English snooker player

Stuart Carrington (born 14 May 1990) is an English professional snooker player. He practises frequently with Steven Hallworth and Ian Glover in Grimsby.

In May 2011, Carrington qualified for the 2011–12 professional Main Tour as one of four semi-finalists from the third and final 2011 Q School event.

==Career==
===Debut season===
Carrington won just two matches during the 2011/2012 season. He finished the season without a world ranking and would not play on the main tour in the 2012–13 season.

===2012/2013 season===
Carrington played in eight out of twelve PTC events during the 2012–13 season, with his best results being last 32 defeat at the 2012 Scottish Open earned him a place in the EBSA Qualifying Tour Play-offs. At the event Carrington beat Jeff Cundy 4–2 and Adam Wicheard 4–0 to claim a place back on the snooker tour for the 2013–14 season and 2014–15 season.

===2013/2014 season===
Carrington beat Ken Doherty 6–3 to qualify for the International Championship. In his debut at a ranking event he defeated Michael Leslie 6–4, before losing 6–3 to Mark Davis in the second round. At the UK Championship, Carrington enjoyed 6–2 and 6–1 wins over Ben Woollaston and John Astley, but was then whitewashed 6–0 by Mark Selby. He met Selby once more in the first round of the China Open and lost 5–3. Carrington came close to qualifying for the World Championship as he saw off Andrew Norman 10–5, Jack Lisowski 10–7 and Nigel Bond 10–5 to reach the final round, where Ryan Day beat him 10–5.

===2014/2015 season===
Carrington lost in the first round of the UK Championship and Welsh Open 6–3 to Nigel Bond and 4–3 to Marcus Campbell respectively.

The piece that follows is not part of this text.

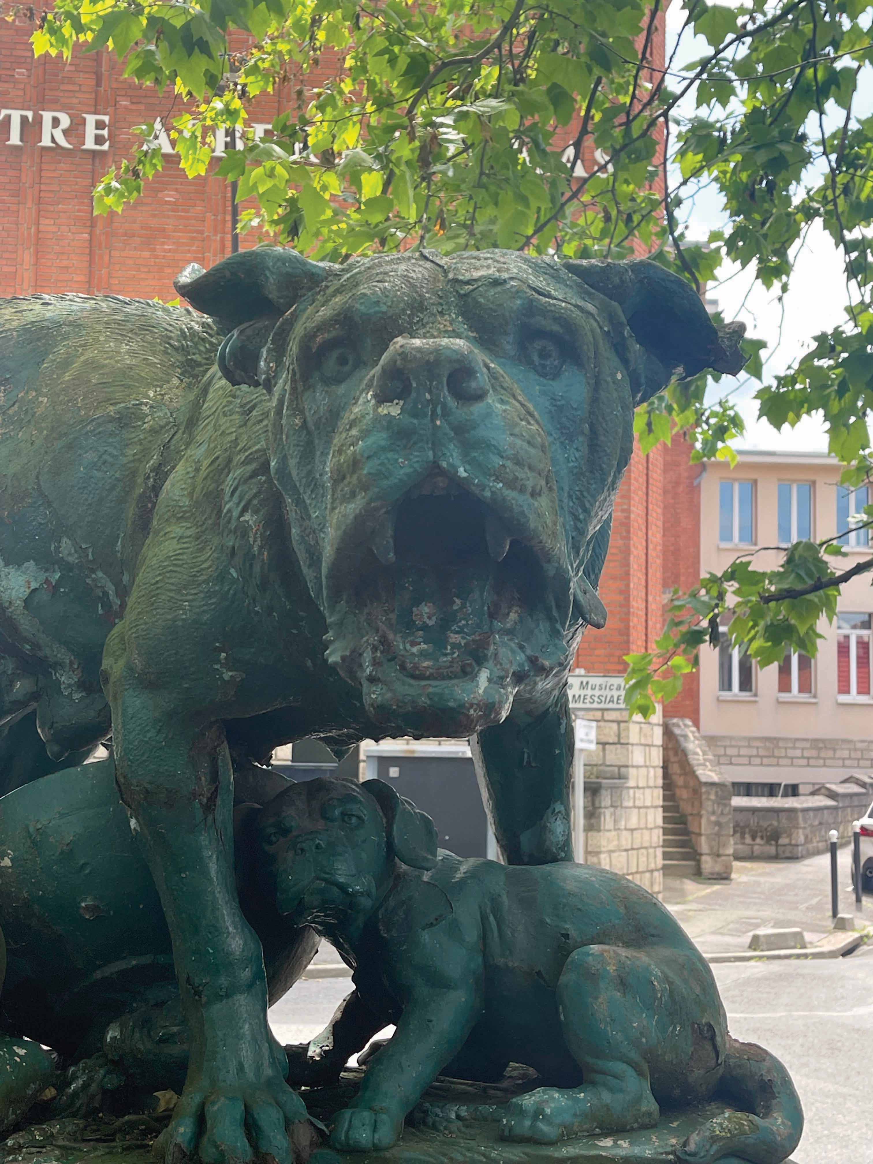 The Chienne sculpture at Place de la Dogue, Champigny.

He reached the second round of the Indian Open due to Marco Fu's withdrawal and was beaten 4–1 by Li Hang, with his solitary frame coming courtesy of a 138 break which was the highest of the tournament. In World Championship qualifying, Carrington defeated Joel Walker 10–6 and Peter Ebdon 10–7 to reach the final round for the second year in a row. He made a century break to force a decider against Li Hang which Carrington won and he made his debut in the event against Judd Trump. Carrington lost the first session 7–2 and then won three of the first four frames of the second, but went on to be beaten 10–6, despite coming close to making his first Crucible century with efforts of 99 and 97. Carrington broke into the top 64 in the end of season rankings as the world number 63.

===2015/2016 season===
At the Paul Hunter Classic Carrington knocked out Tony Drago, Mike Dunn, Matthew Stevens and Mark Davis to reach the quarter-finals of a professional event for the first time, where he lost 4–2 to Shaun Murphy. Murphy also ended his tournament at the last 16 of the Bulgarian Open and Carrington would go on to finish 34th on the European Order of Merit. He held on from 4–1 up on Liam Highfield to win 6–4 in the first round of the UK Championship, before losing 6–3 to Judd Trump. After narrowly overcoming Jamie Cope 5–4, Carrington beat five-time world champion Ronnie O'Sullivan 5–3 to qualify for the German Masters. There, he squandered a 3–0 lead over Mark King to lose 5–4. He also lost in the second round of the Welsh Open 4–1 to Neil Robertson. Carrington qualified for the China Open but was forced to withdraw from the event due to illness.

===2016/2017 season===
Carrington won three matches to qualify for the Shanghai Masters and, after coming through a wildcard round, he was 4–2 down to Joe Perry. However, he then restricted Perry to just seven points as he knocked in breaks of 78, 85 and 100 to progress 5–4. In the second round he was beaten 5–3 by Mark Selby. At the Welsh Open, Carrington defeated Sam Craigie 4–2, Wang Yuchen 4–2, Robin Hull 4–0 and Igor Figueiredo 4–1 to make it to the first ranking event quarter-final of his career and was 4–0 behind to Stuart Bingham. Carrington rallied to trail by a single frame, but lost a long eighth in a 5–3 defeat. Carrington eliminated Alex Borg 10–2, Andrew Higginson 10–6 and Mark Williams 10–7 to qualify for his second World Championship and he played Liang Wenbo in the first round. From 2–2, Carrington made three centuries in a row, before his lead was cut to 5–4 after the first session. He became the fifth player to have made three successive tons at the Crucible after John Higgins, Ronnie O'Sullivan, Mark Selby and Neil Robertson. The second session lacked the quality of the first with Liang triumphing 10–7.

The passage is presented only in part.